Asylbewerber wegen vorsätzlicher Tötung angeklagt

Nach dem Tod eines Asylbewerbers in Landquart hat die Staatsanwaltschaft Graubünden Anklage erhoben. Der Fall wird Anfang Dezember vor Gericht verhandelt.

Containersiedlung und Spurensicherungsband der Polizei

Bildlegende: Zur tödlichen Auseinandersetzung in Landquart war es im März 2013 gekommen. Keystone

Dies hat die Staatsanwaltschaft Graubünden heute bekannt gegeben. Konkret geht es um einen Vorfall vom März 2013: In der Nacht auf den 14. März war die Kantonspolizei Graubünden zum Minimalzentrum Waldau in Landquart gerufen worden, weil dort ein Verletzter Hilfe benötigte. Beim Verletzten handelte es sich um einen 31-Jährigen, der im Minimalzentrum wohnte. Er wurde mit der Ambulanz ins Kantonsspital Graubünden überführt. Dort starb er im Laufe des Morgens.

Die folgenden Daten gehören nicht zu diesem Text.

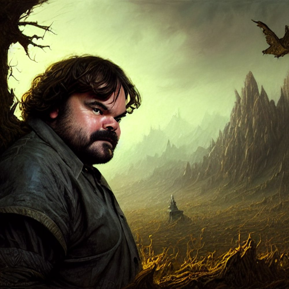 a portrait of actor Jack Black, fantasy character portrait, Graveyard landscape, ultra realistic, cinematic, concept art, wide angle, intricate details, hologram, highly detailed by greg rutkowski, aaron horkey, gaston bussiere

Die Staatsanwaltschaft Graubünden führte in der Folge gegen einen zweiten Bewohner des Zentrums ein Verfahren wegen vorsätzlicher Tötung, wie es in der Mitteilung weiter heisst. Bei ihm handelt es sich um einen 35-jährigen Asylbewerber aus Palästina. Am 22. Oktober 2014 hat die Staatsanwaltschaft beim Bezirksgericht Landquart Anklage wegen vorsätzlicher Tötung erhoben. Dem Beschuldigten wird vorgeworfen, sich mit seinem Mitbewohner gestritten und ihm dabei tödliche Verletzungen zugefügt zu haben. Zudem werden ihm drei Ladendiebstähle und eine Sachbeschädigung vorgeworfen.

Das Strafverfahren gegen einen weiteren Bewohner der Asylunterkunft wurde eingestellt. Laut Staatsanwaltschaft konkretisierte sich der Tatverdacht nicht.